= Legislative districts of Agusan del Norte =

Legislative District of the Philippines

The legislative districts of Agusan del Norte are the representations of the province of Agusan del Norte in the various national legislatures of the Philippines. The province is currently represented in the lower house of the Congress of the Philippines through its first and second congressional districts.

== History ==

Prior to gaining separate representation, areas now under the jurisdiction of Agusan del Norte were represented under the Department of Mindanao and Sulu (1917–1935) and Agusan (1935–1969).

Republic Act No. 4979, approved in a plebiscite held simultaneously with the 1967 elections, split the old Agusan Province into Agusan del Norte and Agusan del Sur and provided them each with a congressional representative. In accordance with Section 7 of R.A. 4979, Agusan del Norte first elected its separate representative starting in the 1969 elections. The chartered city of Butuan, despite being enumerated as part of the territory of neither successor province, was designated as Agusan del Norte's seat of provincial government and became part of its congressional representation.

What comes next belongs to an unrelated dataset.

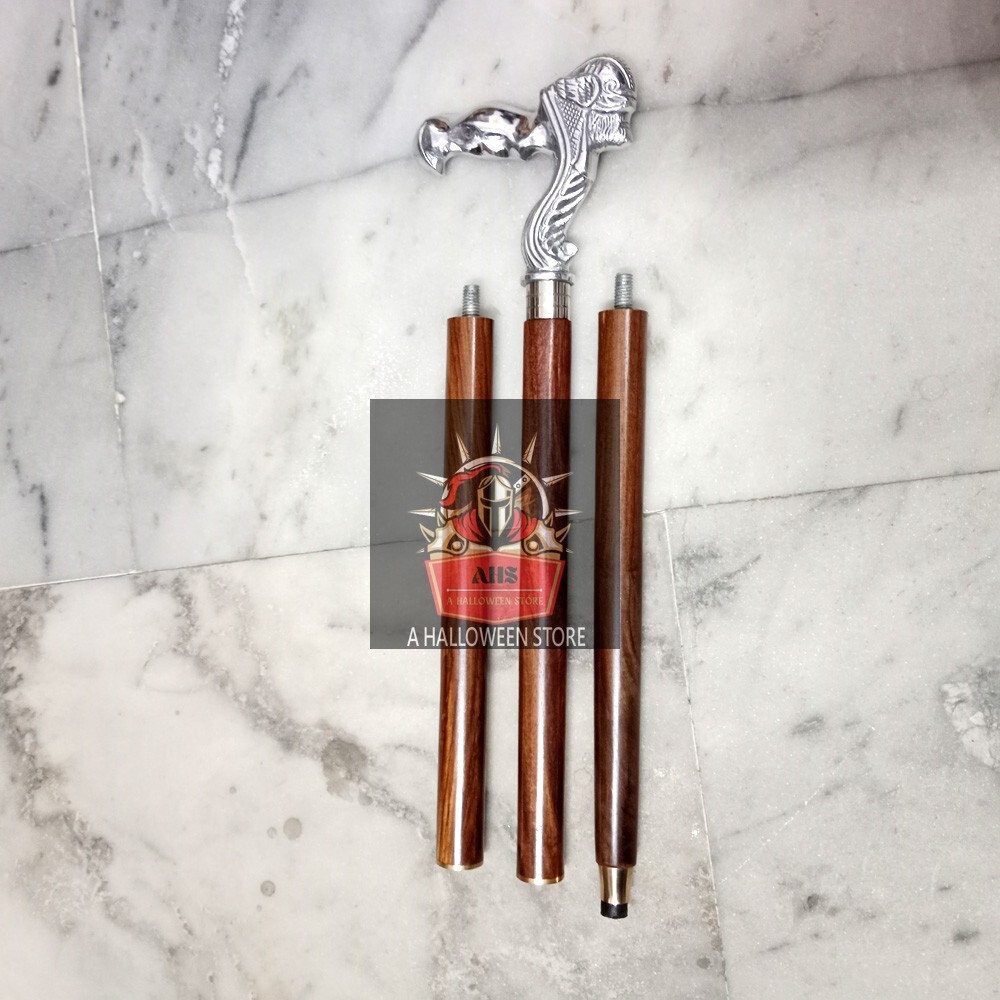 Chrome Finish Alien Skull Head Metal Handle Victorian Wooden Cane Walking Stick

Agusan del Norte was represented in the Interim Batasang Pambansa as part of Region X from 1978 to 1984, and returned one representative to the Regular Batasang Pambansa in 1984.

Under the new Constitution which was proclaimed on February 11, 1987, the Agusan del Norte was grouped with the highly urbanized city of Butuan and reapportioned into two congressional districts; each district elected its member to the restored House of Representatives starting that same year.

The approval of Republic Act No. 11714 on April 4, 2022, divided the province into two congressional districts: the lone legislative district of the City of Butuan and the lone legislative district of the province of Agusan del Norte, which elected their separate representatives starting in the 2025 elections.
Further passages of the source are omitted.